Log in to star items and build your individual schedule.
Accepted Paper
Paper long abstract
In my presentation I would like to discuss a possibility for an interpretational model of the narratives of religious experience based on my ethnographic research of religious experience within Hare Krishna movement conducted in India, Croatia and Great Britain as a part of my ongoing PhD project.
I have identified episodic, sequential and habitual types of narratives of miraculous events in personal lives of devotees which confirm the continuum of pre-objective and objective experience (Csordas, Throope) and demonstrate the role of memory as intermediate buffer between experiencing and narrative.

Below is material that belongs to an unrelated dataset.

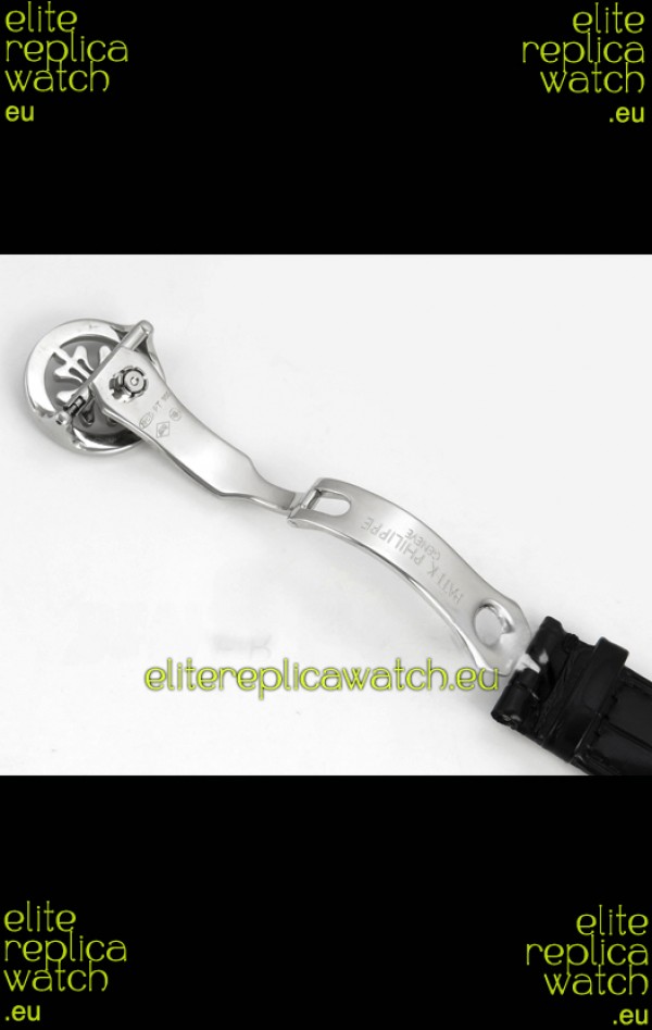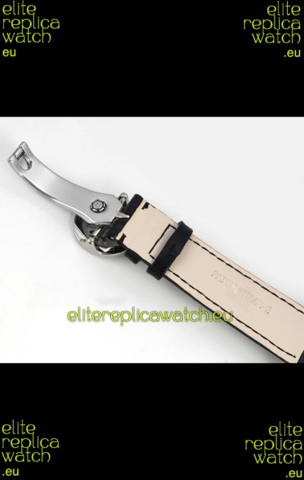 Genuine Leather Strap with Steel Folding Clasp complete with Patek Philippe Markings.

With notions of Ricoeur's views on memory and by using terms like "space of experience" and "horizons of expectation" borrowed from Reinhardt Koselleck I will attempt to show how communal dynamics of personal, scriptural and hagiographic stories of experience together with specific rhetoric of expectation, focuses expectation and plays a crucial role in the process of the experiencing itself. Expectation derived from cultural religious bedding stimulates and shapes the direct experience, with meaning conveyed through individual, social and political "bodies" (Scheper Hughes). Thus experiencing and expectation reinforce each other and accommodate for both individual agency and cultural conditioning of the experience.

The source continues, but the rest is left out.